Era, en cambio, mi padre quien le contaba todo lo que hacía en los días en que se ausentaba. Mamá lo escuchaba absorta sin poner, jamás, en duda sus palabras. Cuando él llegaba de sus giras, nos traía regalos a las tres. Durante toda su estadía en casa salíamos a pasear y nos compraba todo lo que se nos ocurría. Cuando él volvía mamá se ponía más linda. Sus mejillas se sonrojaban y sus cabellos brillaban como cobre al sol.

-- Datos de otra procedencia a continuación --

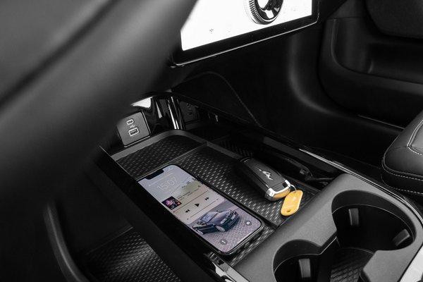 98,5 kWh-s lítiumion akkumulátor csomagjának nettó kapacitása 88,5 kWh és akár 150 kW-os egyenáramúval (DC) is lehet tölteni, ha van a közelben erre képes töltőoszlop, mondjuk egy Ionity. Elszánt adatbúvárok szerint nagyjából 10%-ig megküldi 150 kW körül, majd 40%-ig 100-zal, utána 80%-ig 70-80 kW töltést vesz fel. 11 kW-os töltőn 9 óra alatt szívja tele magát, így megenged egy kis túlórát a melóban. Töltés közben nem szórakoztat mindenféle játékkal vagy hasonlókkal, egy alap rajztáblán kívül nem sok lehetőség van elütni az időt, ha az embernél nincs egy okostelefon.
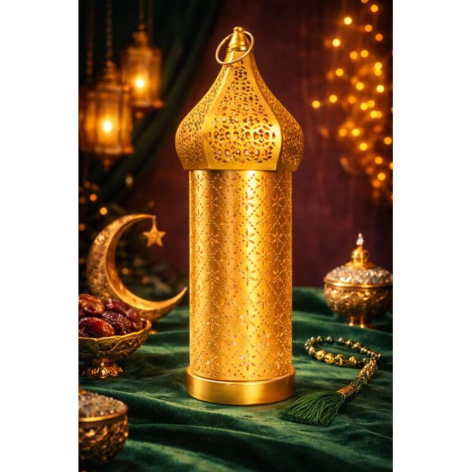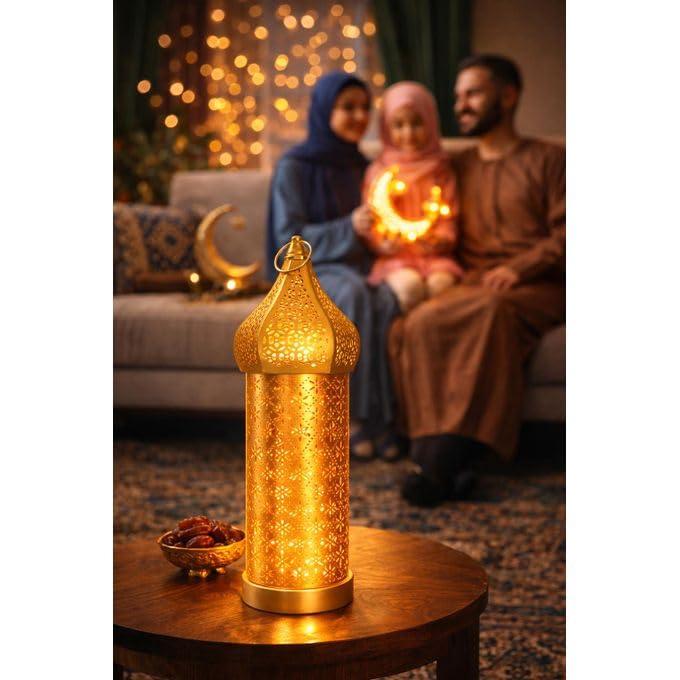 - الأبعاد المثالية: يبلغ ارتفاع الفانوس 38 سم وقطر القاعدة 12 سم، حجم مناسب لوضعه على الطاولات أو الأرفف كقطعة ديكور بارزة في رمضان والمناسبات الإسلامية
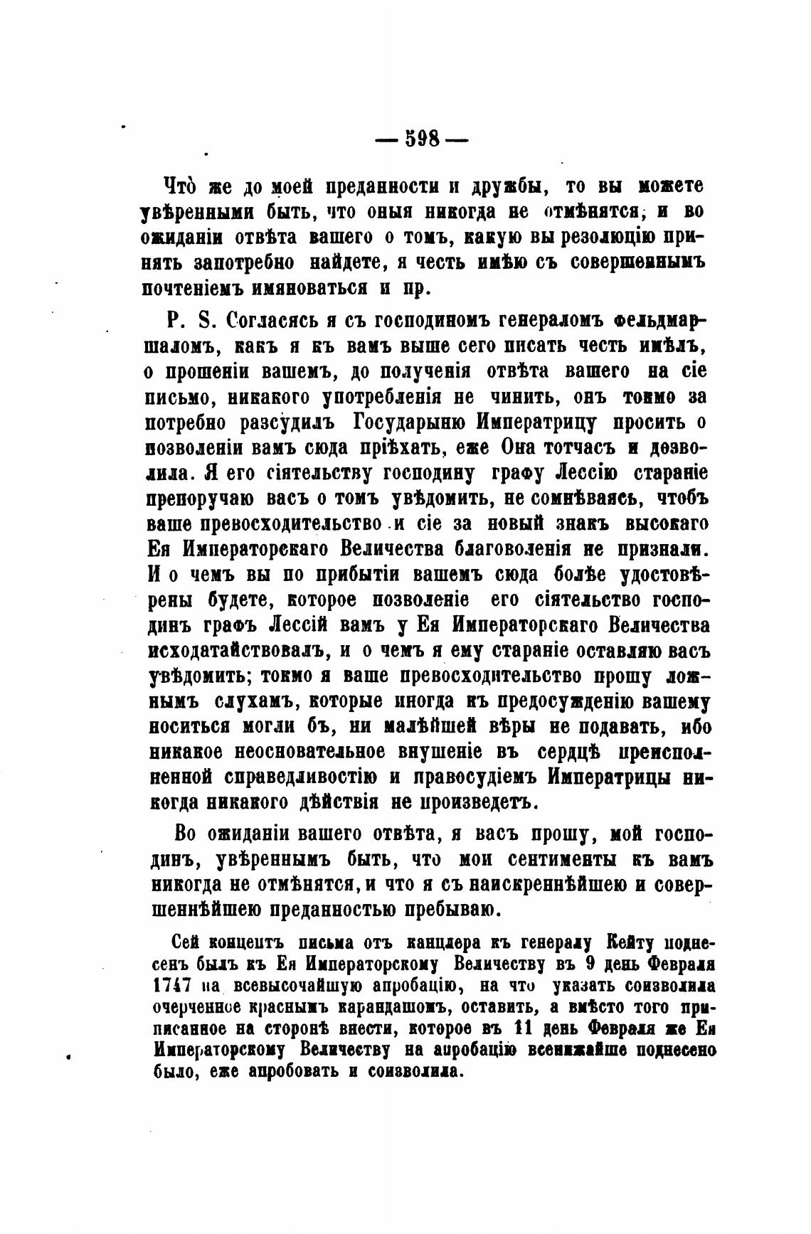 сень быдъ въ Ея Императорскому Величеству въ 9 день Февраля
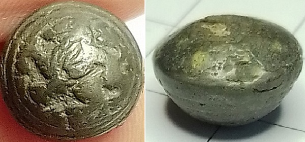 knoop met hierop een afbeelding van een naar links klauwende leeuw met zwaard

El día que mi padre dejó la orquesta definitivamente, se quedó junto a mi madre y nunca más pasó una noche fuera de casa. Murieron casi juntos en el año 2000. Mamá en agosto y papá, que hacía ya mucho tiempo había decidido no volver a pasar nunca más una temporada lejos de ella, la siguió en setiembre, antes de llegar la primavera.
Cuando mis padres se casaron se quedaron a vivir en la casa de mis abuelos. Allí nacimos mi hermana y yo. Nuestra infancia fue feliz. Los abuelos eran adorables y nos tenían una santa paciencia. Mamá se iba muy temprano a trabajar al Hospital. Nosotras también íbamos a la escuela de mañana, pero ella se iba antes pues tenía que viajar en ómnibus y el recorrido era muy largo. Laurita y yo fuimos a la escuela pública que estaba en Camino Castro y Santa Lucía.
Allí conocí a Valentina y a Blanca y fuimos compañeras de clase todos los años de escuela. Después yo hice los cuatro años de liceo. Quinto y sexto, en aquella época, correspondían a preparatorios. Luego fui a una academia a estudiar comercio y comencé a trabajar, en el Centro, en una agencia de viajes.
XVI
Conocí a Jorge en la boda de una compañera de trabajo. La invitación fue para toda la oficina, de manera que estuvimos todo un mes preparándonos para el acontecimiento. Por lo que nos contaba la novia, la fiesta prometía ser maravillosa. Y realmente lo fue. Se realizó en un salón espléndido con buena música, linda gente y mucha alegría.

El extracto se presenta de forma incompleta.